What to work on
The lines to copy run from the one containing "如果你想要一个清晰的心智模型,从 Agent 技能" to the end of the listing. Please write them out exactly, minus the pictures.

Dataset content
= Beginning of Section =
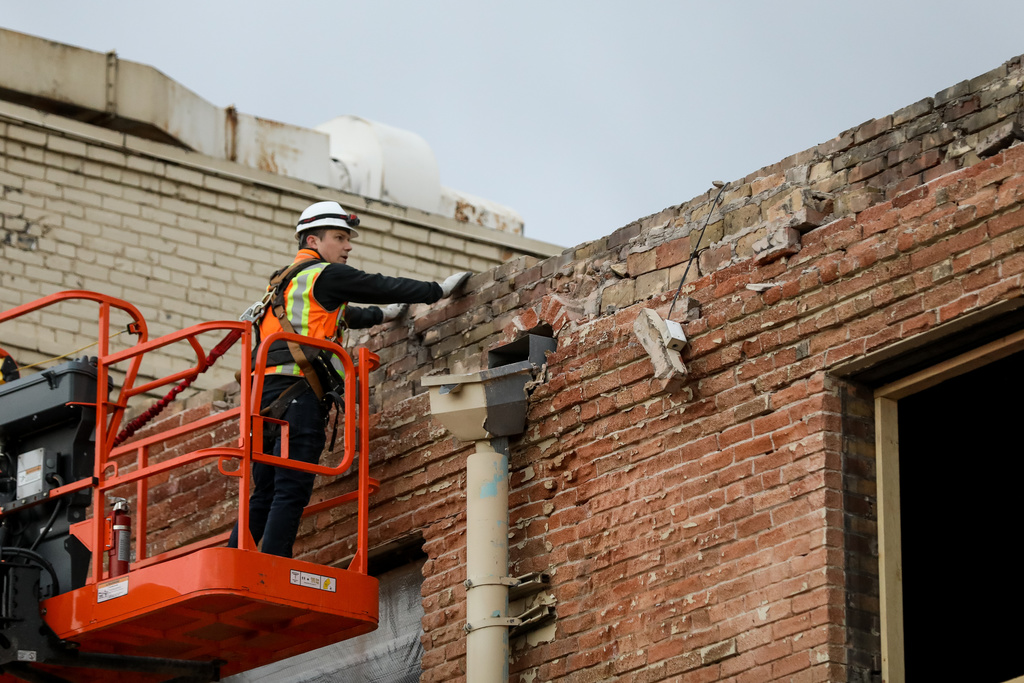 Older buildings, including the historic Panama Building, a building attached to the Empress Theatre and Colosimo’s sausage factory, are damaged, among other buildings, Schulz said, noting bricks and siding had fallen onto sidewalks.
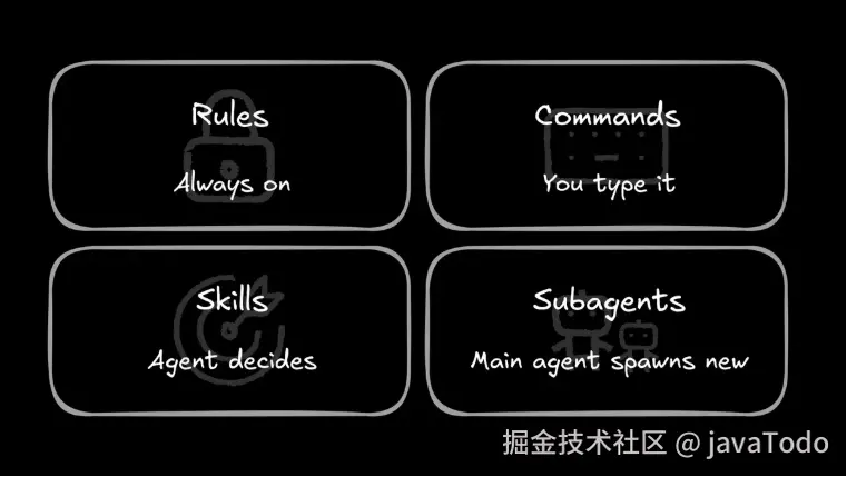 如果你想要一个清晰的心智模型,从 Agent 技能 vs 规则 vs 命令的分解开始。这里是你在构建时可以用的简短版本:
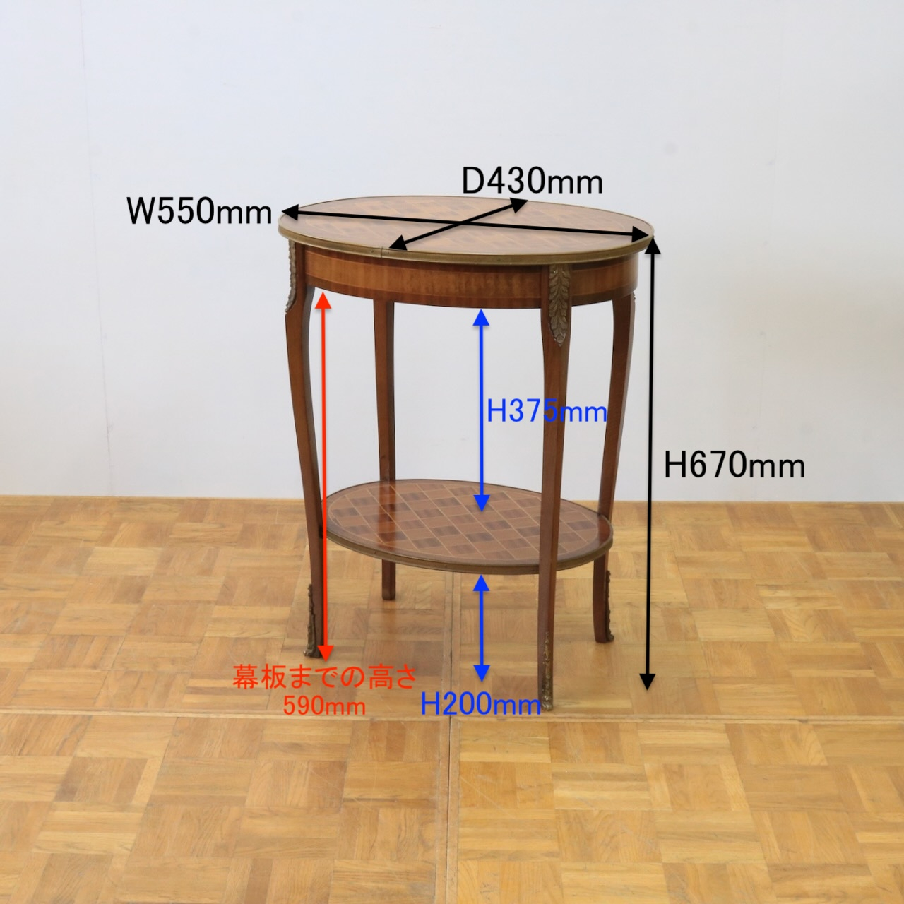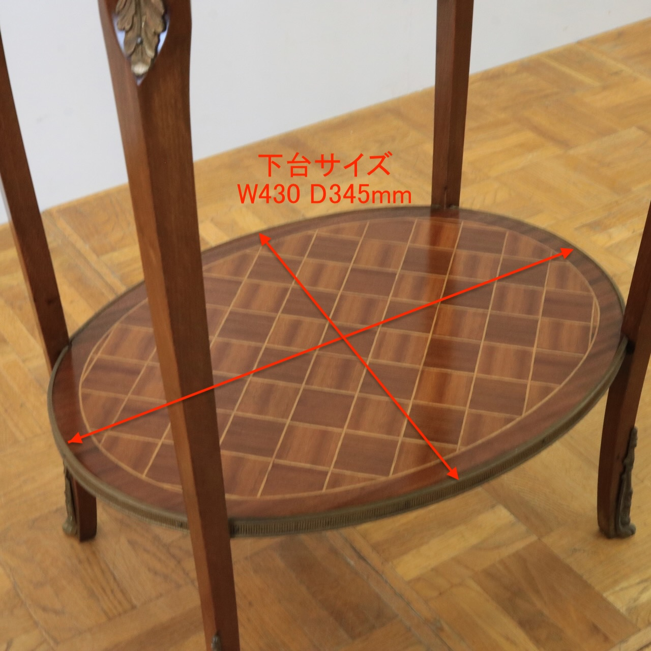 オーバルの天板と下部に付いた棚板にはインレイのパーケットリーが施され、優美なスモールテーブルです。
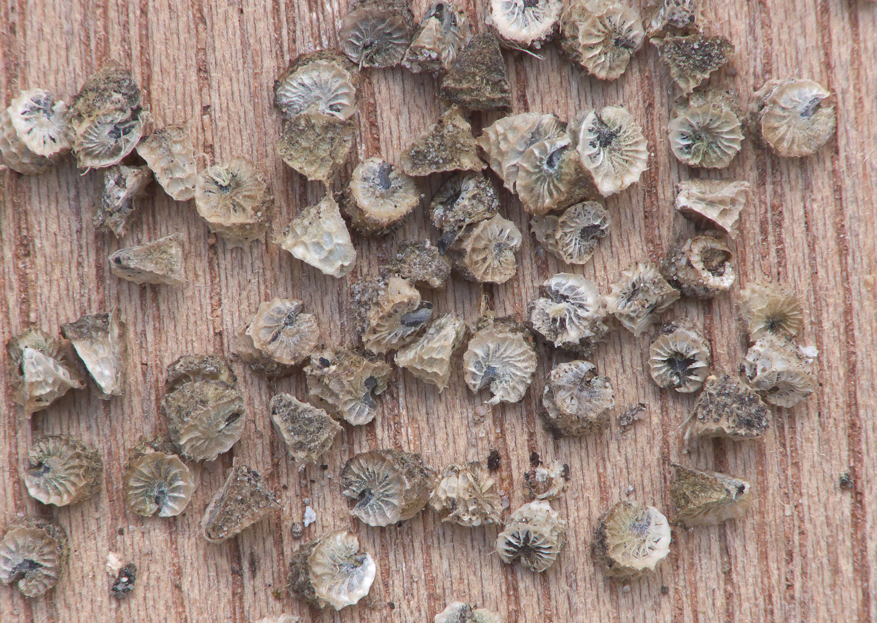 Семенная коробочка мальвы имеет округлую и немного приплюснутую форму и состоит из 5 чашелистиков, под которыми находятся семена. Семечки имеют серый цвет и двойное зубчатое окаймление, состоящее из мельчайших пластинок пшеничной окраски.
= End of Section =
Solution for this exercise
 如果你想要一个清晰的心智模型,从 Agent 技能 vs 规则 vs 命令的分解开始。这里是你在构建时可以用的简短版本:
 オーバルの天板と下部に付いた棚板にはインレイのパーケットリーが施され、優美なスモールテーブルです。
 Семенная коробочка мальвы имеет округлую и немного приплюснутую форму и состоит из 5 чашелистиков, под которыми находятся семена. Семечки имеют серый цвет и двойное зубчатое окаймление, состоящее из мельчайших пластинок пшеничной окраски.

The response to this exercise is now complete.